Le «sursaut républicain» a eu lieu – grâce à une forte participation, le Front National ne conquiert pas une seule des 13 nouvelles grandes régions de France.

Philippe Richert a remporté öa région ACAL - pourvu qu'il se souvient qui a voté pour lui... Foto: Eurojournalist(e)

(KL) – Ouf, on avait peur. Plus peur qu’en 2002, lorsque le choix entre Jacques Chirac et Jean-Marie Le Pen était une sorte d’évidence. Dans les trois régions où le Front National espérait percer, en ACAL (Alsace – Champagne-Ardenne – Lorraine), en Nord-Pas-de-Calais-Picardie et en PACA, on enregistre une forte hausse de la participation, selon les estimations jusqu’à 59% selon les régions, et ce sont les abstentionnistes du premier tour qui ont fait pencher la balance vers une «solution de droite» qui elle, porte maintenant la responsabilité de se tourner vers des modèles participatifs.
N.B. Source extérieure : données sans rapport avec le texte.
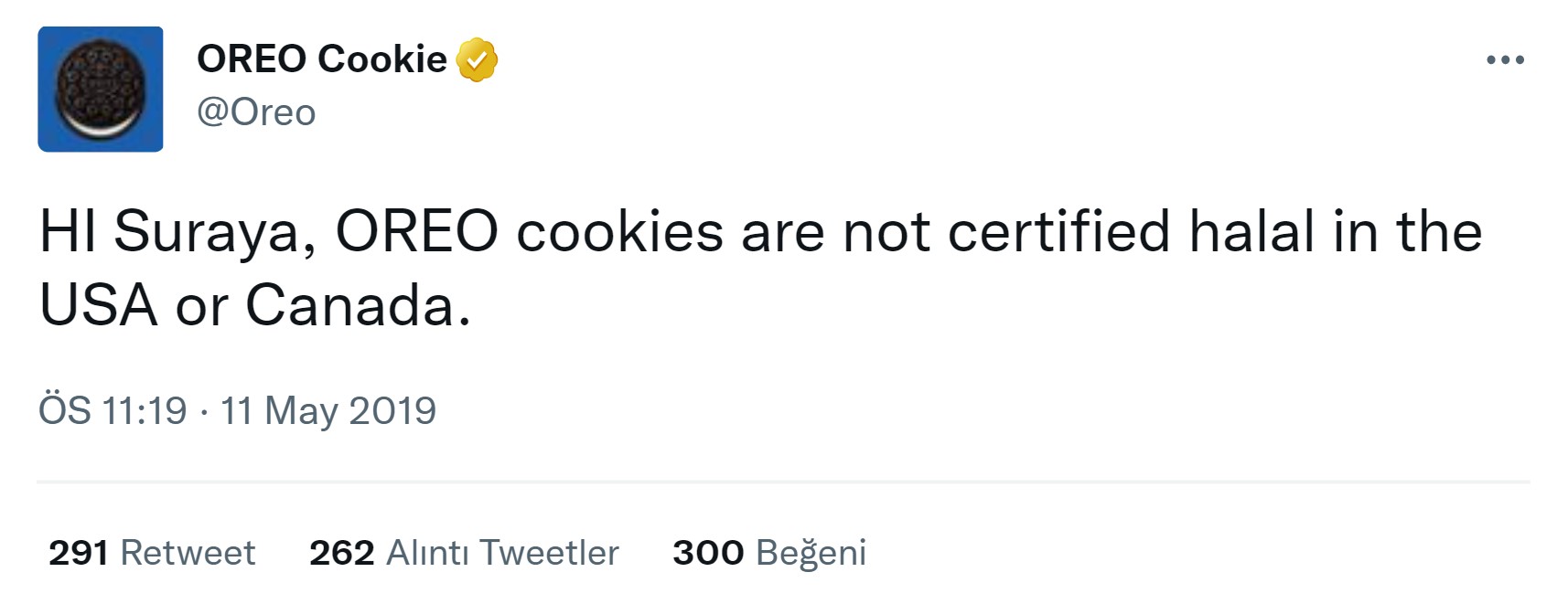 İddia, bir Twitter kullanıcı ile Oreo’nun resmi hesabı arasında 2019 yılında geçen diyaloga dayanıyor. Twitter kullanıcısı, Oreo’ya ürünlerinin helal olup olmadığını soruyor. Oreo da helal olmadığı yönünde bir yanıt veriyor. Bu da insanların kafasının karışmasına neden oluyor.

En ACAL, le Président de la Région Alsace, Philippe Richert (47,6%), s’impose face à Florian Philippot (FN, 36,6%) et au «dissident» du PS, Jean-Pierre Masseret (15,8%), dont la liste arrive troisième.

En ce qui concerne la région ACAL, Jean-Pierre Masseret obtient presque le même score qu’au premier tour (16,11%), Philippot a fait du sur-place et Richert receuille donc presque la totalité des votants qui se sont mobilisés.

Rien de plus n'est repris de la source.